В нашем гарнизоне был военный институт, в нем был небольшой коммутатор – там ночью должен дежурить один солдат, чтобы не привлекать гражданских. Ночью звонков почти нет, и можно было заниматься чем хочешь: письма пиши, спи, кури, живи, как дома, а днем в роте еще спи: это был рай на всю службу. Сюда Раскольников и попал.

Однако с ним была еще одна штука: может, кто привез это с учебки, может, решили именно после такого странного решения командования о переводе его на телефонку, что вдобавок ко всему Раскольников – стукач. Доказательств особых не было, кроме двух-трех крохотных встреч с замполитом, но доказательства никому и не были нужны.

Выбравшись на телефонку, Раскольников чуть распрямился, стал спокойней ходить – он мог слушать у себя на телефонке музыку, ходить в нормальный туалет, спокойно умываться и бриться. Ему институтские служащие говорили «вы» и подкармливали. Наверное, он там и отсыпался, потому что в роте спать было трудно. Каждый старался, проходя мимо его кровати, задеть ее, что-то громко сказать прямо над ухом или просто ударить в бок спящего – я не могу понять, как он выдерживал: лежать в кровати неподвижно по восемь часов с закрытыми глазами и каждую секунду вслушиваться в любой шорох, ожидать удара, ловить слова проходящих людей и в них постоянно видеть угрозу, и еще делать вид, что спишь, чтобы не бесить народ мыслями, что он может поспать и на телефонке. Я хотел даже у него спросить, как он выдерживает, но не мог – меня он боялся и избегал, хотя я никому не рассказывал про мысли свои, про те, которые в связи со смертью Жусипбекова. Некому было рассказывать. Та жизнь закончилась. В этой никому ничего не было надо, кроме спокойной ночи и неизбитой морды.

Уязвимым местом Раскольникова была столовая. Хоть иногда, но человеку все-таки хочется есть. Он был вынужден туда приходить. На глаза всему гарнизону – весь гарнизон знал его, как стукача. При нем сразу барабанили ложками по столам, гоняли его без конца за кружками, тарелками, ложками, заставляли разливать чай и бегать за хлебом даже салабонам. Салабоны тоже переставали его уважать. Ему ведь неплохо жилось на телефонке, а этого не прощают.

А я жалел Раскольникова – мне все время казалось, что я тоже мог пойти по его пути, если бы что-то слепое раздавило бы меня, а не его. Будто мы не шинелями поменялись, а судьбами. Будто я вижу в нем себя, и он меня избавил.

Окончательно погубило его расслабление.

У каждого салабона поближе к приказу, к концу года службы, появляется расслабление. Не как протест – от этого и следа не остается, а как первая ласточка конца салабонства. Кто-то начинает втихаря копить стишки и фотографии для будущего дембельского альбома, кто-то качает мышцы на брусьях и турнике втайне от дедов, готовя свой авторитет для встречи будущих салабонов, а Раскольников вздумал звонить каждую ночь домой по служебному проводу.

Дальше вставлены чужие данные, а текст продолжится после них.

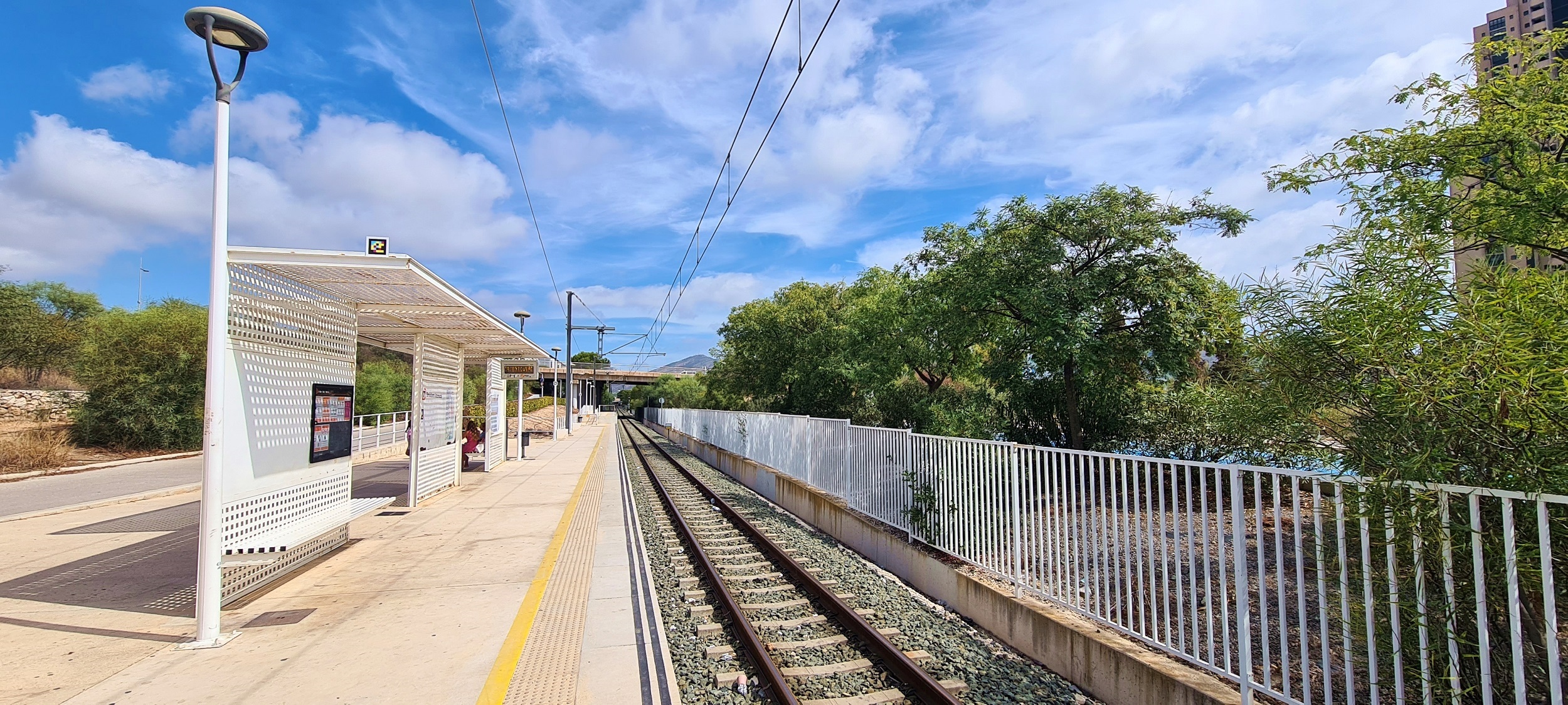 Przystanek TRAM Metropolitano de Alicante, spojrzenie w stronę przystanku Camà Coves. (Benidorm Intermodal, 2025-09-27) |

Отец его – инвалид, днем имел возможность поспать, а по ночам чуть ли не по часу беседовал с сыном за государственный счет. Это дело открылось через бухгалтерию, уставшую платить, недели за две до приказа – ефрейтора Раскольникова вышвырнули с телефонки, а наша часть насовсем лишилась теплого места как не оправдавшая доверия.

Я подумал про себя: ничего страшного, самое страшное время Раскольников все равно отсидел на телефонке. Но я чуть ошибся.

За день до приказа роту подняли среди ночи на поверку – четыре шнурка из второго взвода отдыхали в этот момент в общежитии медучилища. Еще через двое суток эти счастливые ребята продолжили выполнять свой воинский долг в сибирском городе Арединске, где снег тает в мае. Этот факт все связали с возвращением в роту Раскольникова, решили – стуканул он. На следующий день после приказа новые деды собрали самых авторитетных из новых шнурков, в том числе и Петренко, и объявили – для Раскольникова приказа не будет. Он продолжит жить как салабон.

На следующий день сержант Петренко послал на парашу ефрейтора Раскольникова, с которым полгода спал на одной «спарке» в учебке. Такие вот дела.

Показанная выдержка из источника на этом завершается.